Parallèlement, la grande corruption au sein du gouvernement reste sans contrôle. Des réseaux d’extraction de ressources illicites et de mauvaise gestion financière alimentent davantage l’instabilité, avec des bénéfices qui se déversent dans les poches des élites plutôt que de s’attaquer aux causes profondes du conflit. Dans certains cas, l’armée congolaise elle-même a collaboré avec des groupes armés, brouillant la ligne entre gouvernance et insurrection.

 

 

Un paysage mondial en mutation

 

 

Alors que l’influence occidentale s’amenuise, de nouveaux acteurs se positionnent pour combler le vide. Des sociétés militaires privées, des puissances régionales et des acteurs mondiaux émergents offrent leur propre forme d’intervention, souvent motivée par des intérêts personnels plutôt que par les principes des droits de l’homme ou de la démocratie. Ces nouvelles dynamiques reflètent un ordre mondial en mutation, dans lequel des relations plus transactionnelles remplacent l’interventionnisme libéral occidental traditionnel.

 

L’implication croissante de la Russie en Afrique, visible dans des pays comme le Mali et la République centrafricaine, fournit un modèle pour cette transition.
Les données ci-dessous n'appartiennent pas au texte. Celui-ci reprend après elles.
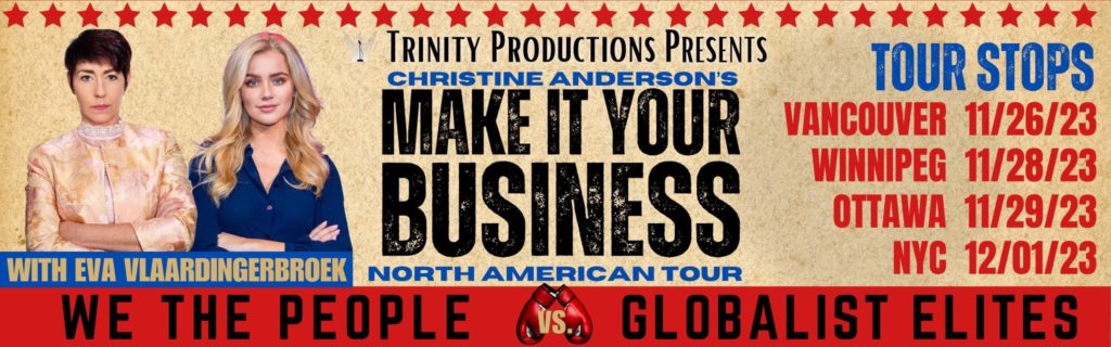 Access official videos from the 2023-2024 tour! Calgary, Toronto, Whitby, Montreal, New Jersey, Manitoba, Vancouver and Netherlands! Watch this spot for new videos released weekly! Access Videos Previous Event Tours & Guest Appearances KEYNOTE SPEAKERS Christine Anderson German MEP Vera Sharav Documentary Film Producer / Holocaust Survivor Eva Vlaardingerbroek Dutch Political Commentator Naomi Wolf Journalist/Author WATCH THE TOUR VIDEOS WATCH TOUR VIDEOS WATCH TOUR VIDEOS Watch Event Recordings Watch Event Recordings Naomi Wolf - Toronto ON Canada January 2025 The videos for this event are not available publicly. Get on the List Be the first to know about upcoming events. Email City Country Name State Hang tight.... Let's Go! Thanks! You're in! Official Tour Merchandise Limited quantities while supplies last. View All Merch Donate If you like what we do and want to support our work…. Select the button below to make a contribution or buy us a coffee! Donate Christine Anderson What’s Christine up to next? Keep in the know about upcoming tour dates and locations! Find past tour information, pics and videos! FIND OUT MORE... Vera Sharav Learn more about our recent jUNE 2023 tour with Director Vera Sharav and get past event info, upcoming premiere screening dates, appearances and more! FIND OUT MORE...
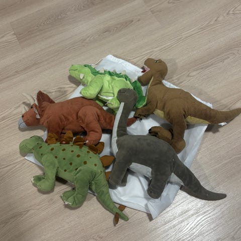 IKEA lasten lelut, dinosaurusaiheiset pehmolelut. Setti sisältää useita erilaisia dinosauruksia eri väreissä ja kokoisina. Soveltuvat lasten leikkeihin.
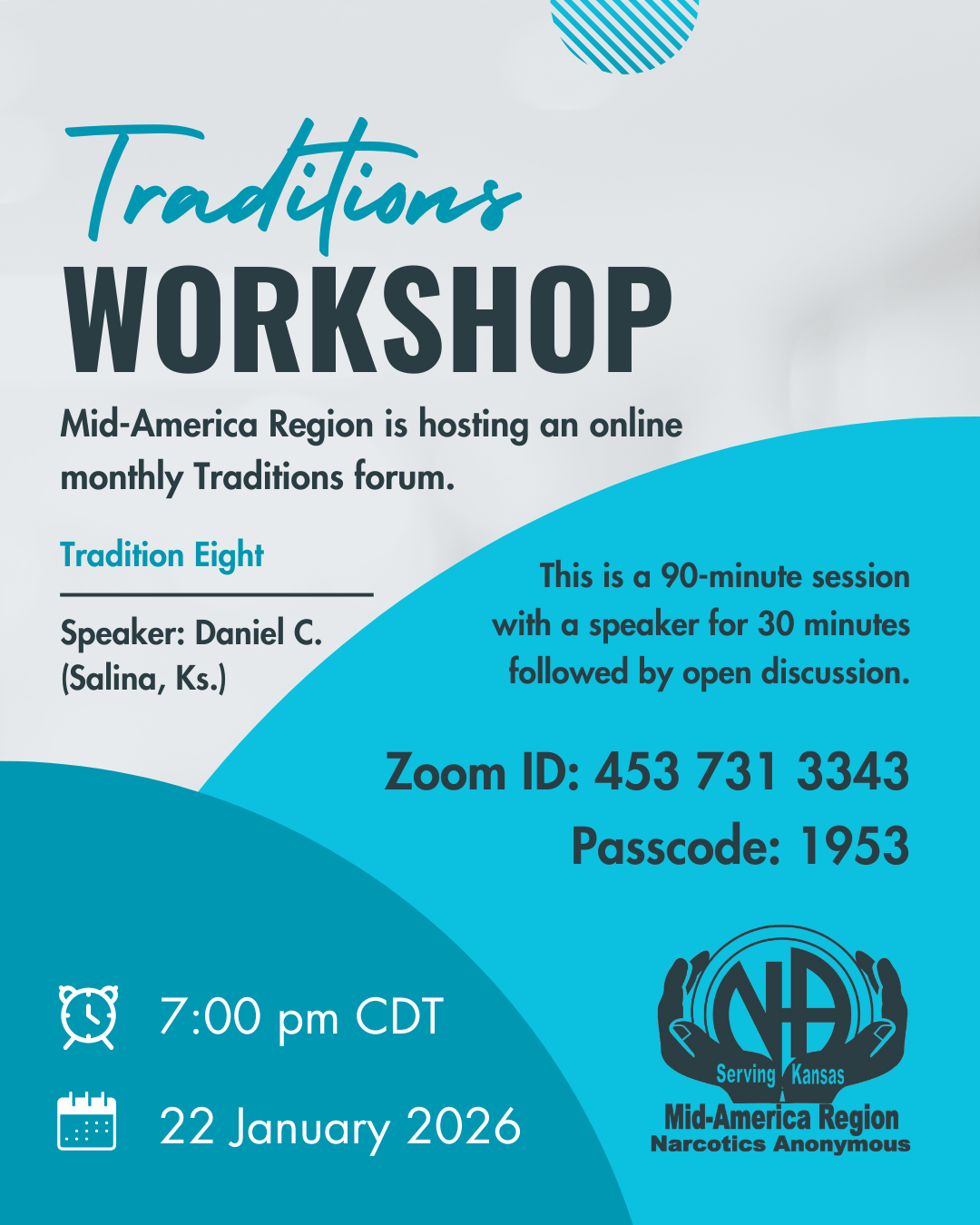 The Regional Service Committee (RSC) meets the third Saturday and Sunday in February, May, August, and November.  The RSC meetings are at 310 Swedonia St, Marquette, KS 67464.  Sub-committee meetings are held on Saturday, and the full RSC meets Sunday morning.

Bien que ces acteurs apportent des ressources et une aide militaire, ils manquent de responsabilité, compliquant davantage l’équilibre fragile des pouvoirs dans des zones de conflit comme l’est de la RDC.

 

 

 

Vers une prise de conscience

 

 

L’incapacité à aborder les complexités de la crise en RDC découle d’un refus de dépasser des cadres obsolètes et des récits superficiels. Les explications simplistes enracinées dans des tropes coloniaux comme les rivalités ethniques ou les guerres pour les ressources ignorent les moteurs multiples du conflit, allant de la corruption politique aux luttes de pouvoir régionales.

 

Une nouvelle approche est urgemment nécessaire, une approche qui donne la priorité aux agences locales, impose une responsabilité aux acteurs nationaux et internationaux et adopte des solutions innovantes aux défis de la sécurité et de la gouvernance. Sans ce changement, la RDC risque de devenir un champ de bataille perpétuel, avec une population piégée dans des cycles de violence, de déplacements et de négligence.

 

Il est temps pour une réévaluation franche de l’engagement mondial en RDC. Ce n’est qu’en confrontant ces échecs de manière directe que la communauté internationale pourra commencer à reconstruire sa crédibilité et, plus important encore, offrir un espoir aux millions de Congolais qui continuent de souffrir en silence.